Mentre i motori ruggivano e le vetture sfrecciavano lungo le curve strette e tortuose del circuito, gli spettatori si sono ritrovati trasportati in un’epoca d’oro delle corse, un momento in cui i piloti erano eroi e le macchine erano il massimo della tecnologia e dell’innovazione.

E così, mentre la mattina di sabato giungeva al termine e le vetture della serie D e E lasciavano il circuito, il Principato di Monaco rimaneva impregnato dell’energia e della passione delle corse automobilistiche storiche. Con la promessa di altre emozioni e avventure da venire, il Grand Prix de Monaco Historique del 2024 proseguiva nella sua missione di celebrare la storia e la bellezza del motorsport.

Lyons 2 – Hall 2

Nel cuore dell’azione al Grand Prix de Monaco Historique del 2024 c’è la Serie F, soprannominata “Gilles Villeneuve”, una competizione che vede sfidarsi alcune delle vetture di Formula 1 più iconiche degli anni ’70 e ’80. Ed è qui che il talentuoso pilota Michael Lyons ha nuovamente lasciato il segno, mettendo alla prova la sua Hesketh 308E con coraggio e determinazione.

La Serie F è dedicata alle vetture di Formula 1 che hanno solcato i circuiti dal 1977 al 1981, un’epoca caratterizzata da cambiamenti tecnologici e sfide sempre più impegnative in pista.

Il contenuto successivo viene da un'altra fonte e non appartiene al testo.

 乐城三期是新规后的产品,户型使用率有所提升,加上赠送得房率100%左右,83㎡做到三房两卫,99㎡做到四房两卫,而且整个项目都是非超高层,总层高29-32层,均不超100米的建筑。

Ed è proprio in questo contesto che Lyons ha brillato, dimostrando il suo talento e la sua abilità al volante di una vettura storica.

La sua Hesketh 308E è diventata una presenza familiare nelle sessioni del Grand Prix de Monaco Historique, e anche questa volta Lyons ha dimostrato di essere un pilota di classe mondiale, pronto a mettersi alla prova contro i migliori.

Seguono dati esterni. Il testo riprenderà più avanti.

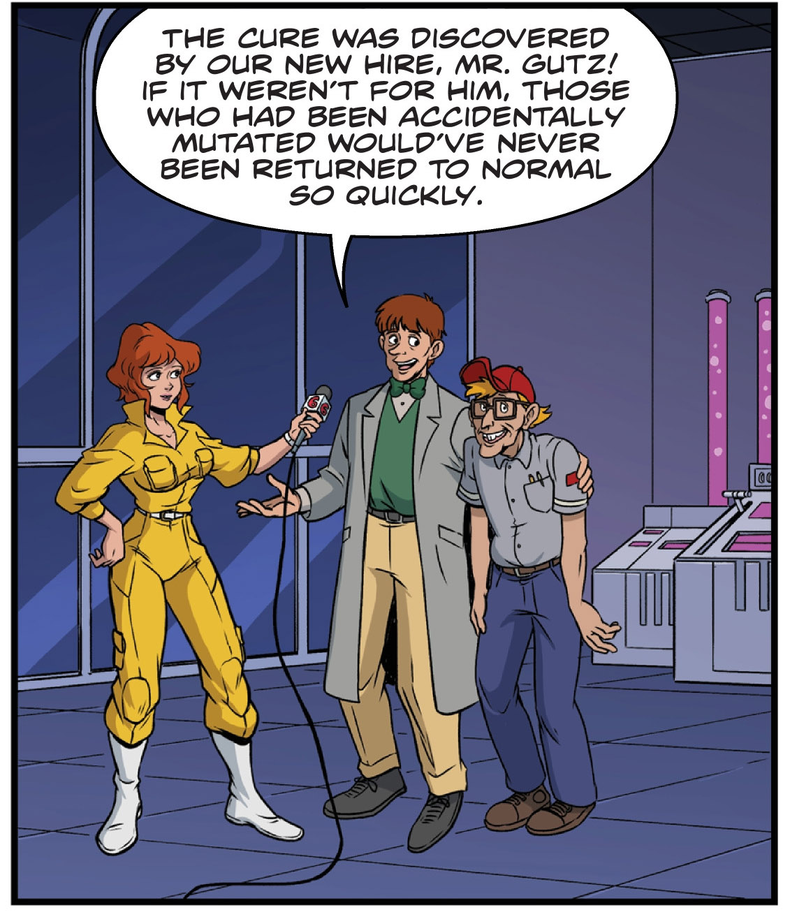 April couvrait l’évènement directement depuis le T.C.R.I. et interviewait le professeur McGuffin. Celui-ci attribuait la victoire à un de ses nouveaux employés, Seymour Gutz. Raphael était agacé qu’on ne leur attribue jamais une victoire aux informations. Mais cela valait mieux, comme toujours. Le seul à ne pas retrouver tout à fait son compte était Seymour lui-même. Le rayon avait neutralisé sa mutation, terriblement instable. Il avait recouvré son apparence humaine initiale. Qu’allait donc dire sa mère, en voyant l’affreux fils redevenu celui qu’il était ? Il préférait celle du charmant gentleman qu’il avait adopté depuis sa transformation. Mais pour Donatello, ce changement allait surtout pouvoir aider la recherche, notamment dans la lutte contre les mutations comme le cancer.

Ma non è stato solo Lyons a far parlare di sé durante la giornata di sabato. Il Paddock della stagione F1 2024 era ben rappresentato nel Principato, con il talentuoso monegasco Charles Leclerc che ha portato la sua esperienza e il suo carisma sul tracciato. Accanto a lui, i piloti della McLaren, Lando Norris e Oscar Piastri, hanno mostrato tutto il loro talento e la loro determinazione, mentre il giovane Oliver Bearman ha fatto la sua presenza sentire con una performance degna di nota.

Questi piloti hanno portato con sé il fascino e l’emozione del mondo della Formula 1 moderna, aggiungendo un tocco di glamour e competizione al già affascinante scenario del Principato.

Con la Serie F e la presenza dei talenti della F1 attuale, il Grand Prix de Monaco Historique del 2024 si conferma come uno degli eventi più spettacolari e emozionanti nel mondo delle corse automobilistiche storiche. E mentre il pubblico si prepara per il gran finale, c’è una certezza: il fascino e la bellezza del motorsport continueranno a brillare nel cuore di Monaco e oltre.